Recently, we went with our son and daughter to a children’s cafe. Since it was a day off, there were many babies. Everyone was running, screaming, jumping. But most of all I remember the boy, whose behavior was far from ideal. I immediately remembered age crises in my children.
What do we even know about these crises? After all, everyone has crises: someone worries about work (and other working moments), someone has problems on a personal front. Age crises also have their own nuances.
I once asked my mom if I had any problems at a certain age. Only the transitional age is considered to be a problem for me, the rest of the time is quite tolerable. It’s just that our parents are not so well aware of age crises, as we know (especially thanks to our children).
Our children are very different from us. Our generation was calm and docile. The current kids are restless, hyperactive, with a certain pace of life. Our parents, the older generation, say this: you were not like that !. It seems to me that the modern world is a huge step forward (if we compare it with the recent past). And children, of course, always walk ahead of us.
They master the modern technology faster than us, understand computer programs, easily adapt to new conditions. Of course, the current pace of life requires us to develop faster, to keep up with life. Acceleration also contributes to the load on the young body.
The first crisis – the moment of birth
For example, a huge amount of sounds, smells, information immediately falls on a newborn. And also – people, events, images. Mom in the tummy calm, quiet, comfortable. Of course, the child hears and feels everything. Scientists have shown that in addition to sounds (when mom and dad are talking to the tummy, music, etc.), the baby can smell and smell in the womb. But not as sensitive as a newborn.
It is difficult for a newborn to have to adapt quickly to a whole new, different, more rhythmic life. From here, as psychologists say, a nervous overstrain, stress from a set of the done work.
But this is also the most significant period in the life of the crumbs. Because the baby needs attention, maximum warmth, care and love. In order for the adaptation to take place on time and without problems, it is enough just to listen to your maternal instinct: feed in time, pick up, change the diaper.

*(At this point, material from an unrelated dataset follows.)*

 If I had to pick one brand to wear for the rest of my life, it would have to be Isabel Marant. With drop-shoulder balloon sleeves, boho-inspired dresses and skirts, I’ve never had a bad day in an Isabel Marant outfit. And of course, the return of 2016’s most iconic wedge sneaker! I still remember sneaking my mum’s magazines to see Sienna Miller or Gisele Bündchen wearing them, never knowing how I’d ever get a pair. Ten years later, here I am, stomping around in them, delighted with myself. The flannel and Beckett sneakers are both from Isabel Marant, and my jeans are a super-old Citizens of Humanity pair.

During this period, kids know the world with might and main: they start walking and talking. My children started walking even before the year (10-11 months), but this is individual. I know from my own experience that it is also the formation of my own Self. During this period, children demand their own: fulfillment of their desires (go, take, do what they want).
The children are still attached to their mother. And if breastfeeding is still fed, then all the more. And, as it seems to me, they want to eat my mother’s milk, not because they are hungry, but to make sure that mom is near.
Crisis of 3-4 years
Children’s psychologists call this period the most difficult. But at the same time, they consider it normal and quite natural. The kid simply forms his personality. But sometimes the children are simply unbearable: the mood changes, as the weather at sea, the behavior is terrible. And what is most offensive is that the child, in fact, is not guilty of anything, he is simply forming a character.

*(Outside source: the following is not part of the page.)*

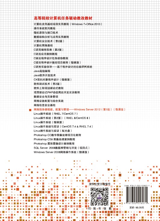 杨云,男,教授,Linux***精品课程负责人,Linux国家精品资源共享课程负责人,山东省教学名师,首届教育部行指委计算机委员会委员,教育部高等教育自学考试指定教材项目《互联网软件与应用》负责人。出版专著2部,主编教材20余部,其中6本获评“十二五”职业教育国家规划教材、7本获评“十三五”职业教育国家规划教材。主持的《“五核协同”的Linux操作系统教学资源建设》获省级教学成果二等奖。杨云教授是微软系统工程师(MCSE),多次负责全国的红帽Linux和微软Windows服务器的培训工作。 此书已出新版:网络服务器搭建、配置与管理——Windows Server 2016(第4版)(微课版) (点击即可查看详情)http://www.tup.tsinghua.edu.cn/booksCenter/book_09572501.html 订购教材后,可向作者(68433059@qq.com)或出版社索要课程标准、授课计划、电子教案、项目指导书、拓展提升、项目任务单、习题答案、试卷及本书和活动目录的所有视频资源。 网络服务器搭建、配置与管理——Windows Server 2019(微课版)(第5版) http://www.tup.tsinghua.edu.cn/booksCenter/book_10557101.html 出版日期:2024.05

For us, this period was the most difficult, perhaps. My daughter has changed a lot then. From a calm and docile child, she turned into harm. It was difficult for her to please something, to give up. She demanded not just attention, but fulfillment of whims that changed every minute. The child himself did not understand what he wanted.
I tried to direct her energy and obstinacy just in the right direction. We often began to draw, engage. These exciting activities have helped us cope with anxieties, experiences, and mood swings. Drawing, the daughter calmed down noticeably. Yes, and these classes give the benefit that the child develops, forgetting about the problems.
What age crises did you encounter? And how did you fight it? What helped cope?